Sementara itu, Anwar Razak dari KOPEL Indonesia memaparkan pengadaan yang tidak sesuai kebutuhan dan terkesan dipaksakan kerap berangkat dari pemufakatan jahat dan berujung pada korupsi berbagai modus, seperti mark up harga, penerimaan kick back dari penyedia, hingga pungutan liar dalam proses distribusi barang.

Pemufakatan jahat terindikasi dari diabaikannya kajian tim teknis Kementerian Pendidikan yang menyebut OS Chrome tak cocok dengan program digitalisasi pendidikan yang menarget daerah lemah internet.

Berangkat dari pelbagai temuan tersebut, Anwar menyatakan KOPEL dan ICW mendukung proses penegakan hukum yang sedang berjalan di Kejaksaan Agung.

Namun, kedua LSM tersebut meragukan pihak yang potensial terlibat dalam kasus ini hanya berpusat pada staf khusus menteri.

Pasalnya, staf khusus tidak mempunyai kewenangan langsung dalam proses perencanaan hingga pelaksanaan pengadaan barang dan jasa.

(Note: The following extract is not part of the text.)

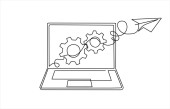 Zdjęcie "Ciągły rysunek jednej linii ikony czeku na ekranie laptopa. Jedna z ikon sieci - Wektor" może być wykorzystywane do celów osobistych i komercyjnych zgodnie z warunkami zakupionej licencji Royalty-free. Obraz jest dostępny do pobrania w jakości wysokiej rozdzielczości do 5760x3840.

Dalam pengadaan dengan metode e-purchasing dengan nilai di atas Rp200 juta, Pejabat Pembuat Komitmen (PPK) merupakan pihak sentral, termasuk yang berwenang melakukan rencana pengadaan dan melaksanakan pengadaan.

PPK bertanggung jawab melakukan pelaporan kepada pengguna anggaran (menteri) atau kuasa pengguna anggaran yang ditunjuk oleh menteri.

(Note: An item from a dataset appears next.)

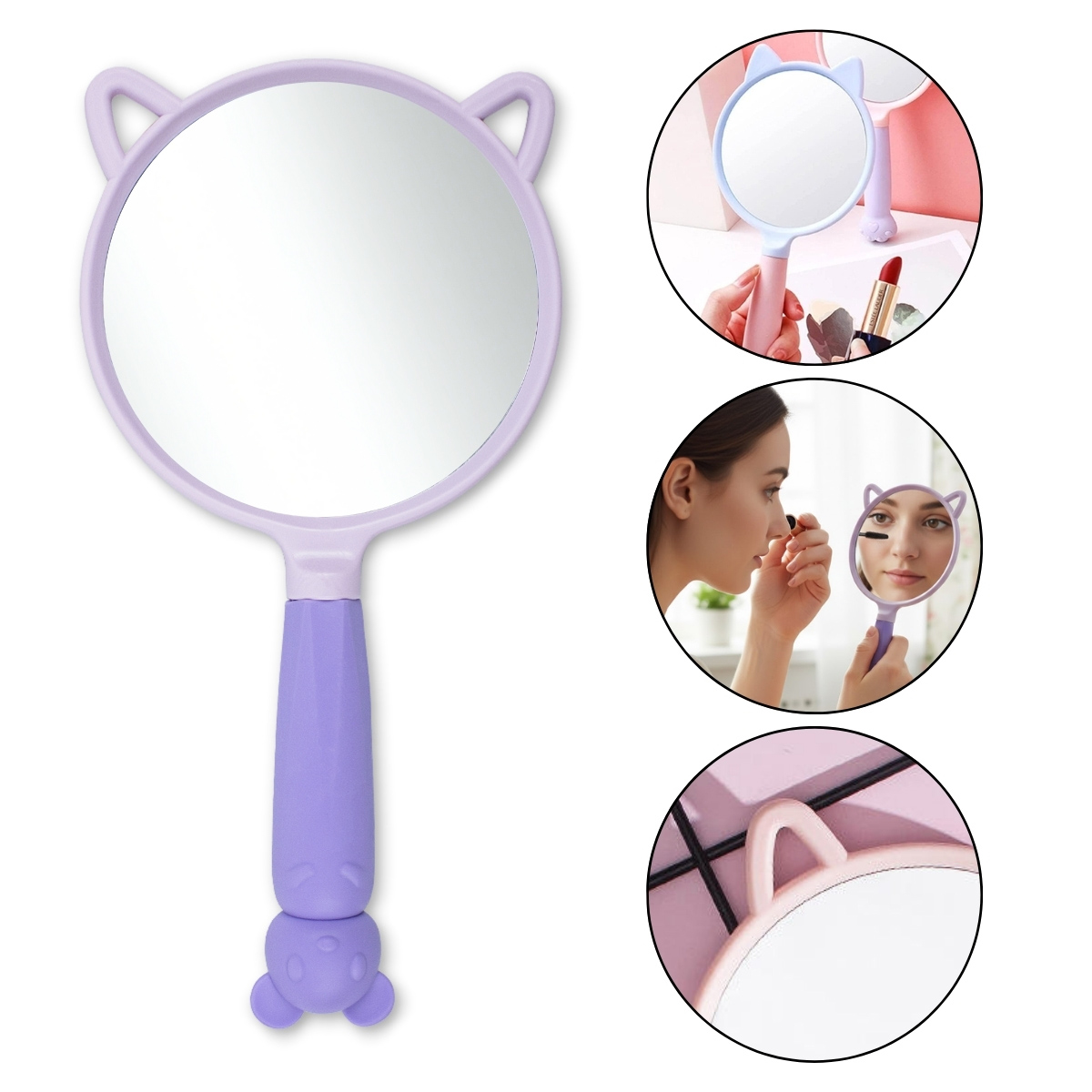 01 - Espelho de Mão Redondo Orelhas de Gatinho

"Sehingga, peran stafsus dalam pengadaan ini perlu diusut telusuri siapa pemberi perintah/ pesan dan bagaimana stafsus melakukan perannya tersebut," ungkap Anwar.

"Oleh karena itu, pihak lain dari pelaku pengadaan yang perlu diperiksa oleh penyidik Kejaksaan Agung di antaranya yaitu PPK, kuasa pengguna anggaran, dan Nadiem Makarim selaku menteri atau pengguna anggaran," sambungnya.

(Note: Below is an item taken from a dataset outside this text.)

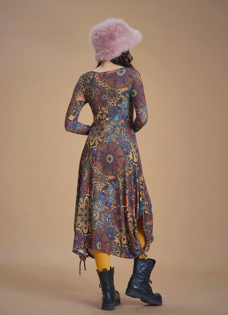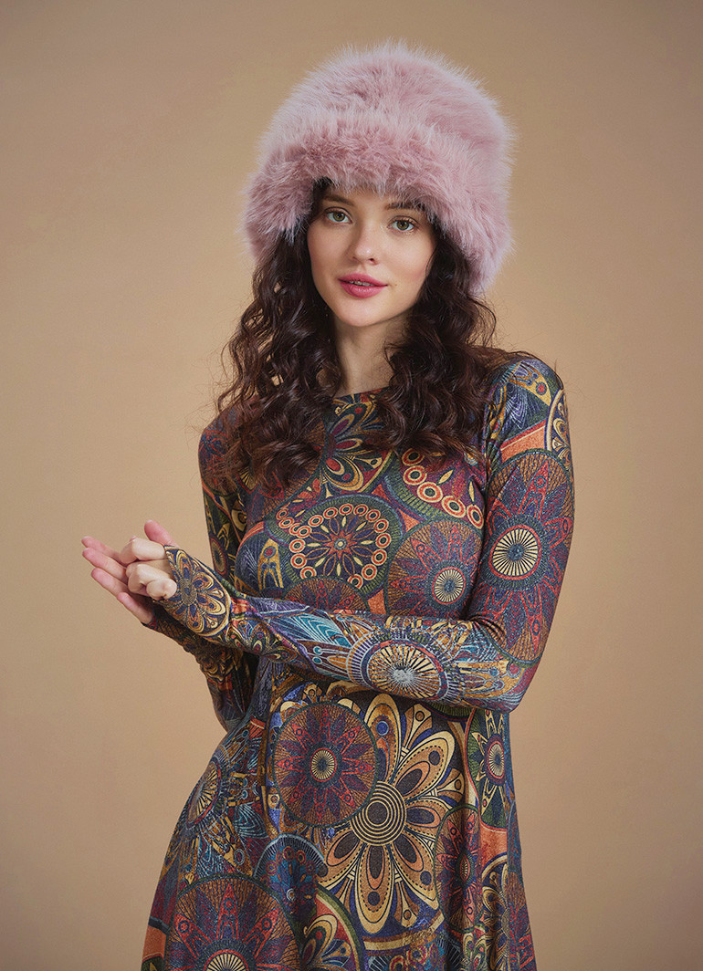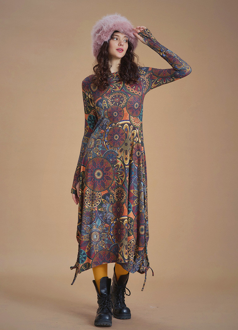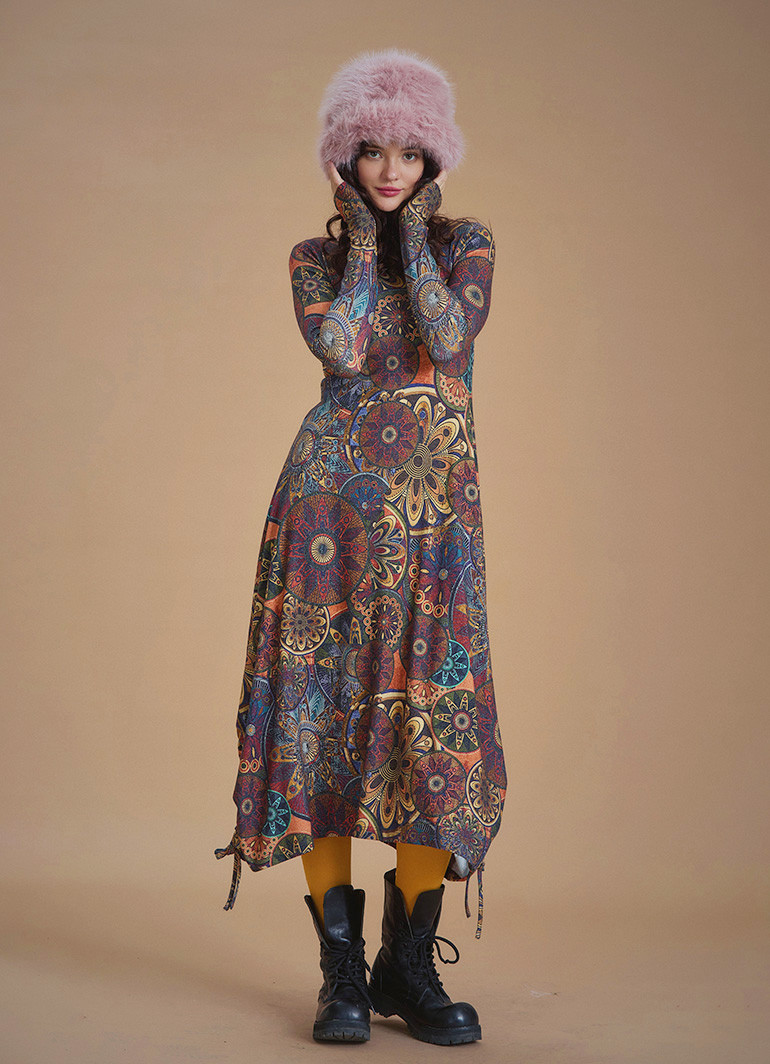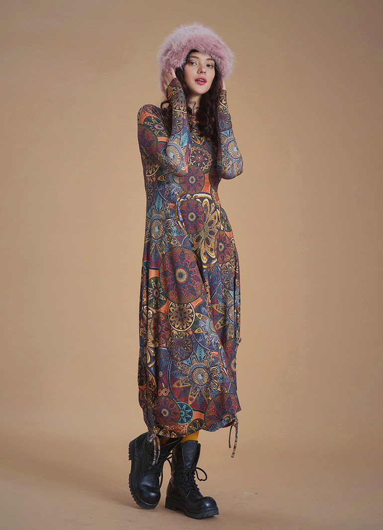 Kayık Yaka, Uzun Kol, Kışlık, Desenli Uzun Elbise

Kemudian, program pengadaan laptop patut dilihat sebagai program unggulan pada saat itu. Hal itu dilihat dari anggaran yang besar hingga tetap dipaksakannya pengadaan ini meski pada saat itu masih terjadi Covid-19 dan pengadaan laptop mendapat sorotan dan kritik dari publik.

Selanjutnya penentuan spesifikasi laptop tertera dalam lampiran Permendikbud No. 5 Tahun 2021 yang Menteri Nadiem tandatangani. Di dalamnya disebutkan salah satu spesifikasi minimal perangkat komputer berupa laptop yang diadakan berupa operating system Chrome OS.

"Untuk itu, kami mendesak Kejaksaan Agung melakukan pemeriksaan dalam rangka menelusuri dugaan keterlibatan berbagai pihak yang berwenang dalam pengadaan, seperti PPK, kuasa pengguna anggaran, dan pengguna anggaran atau Menteri Nadiem Makarim," tegas Anwar.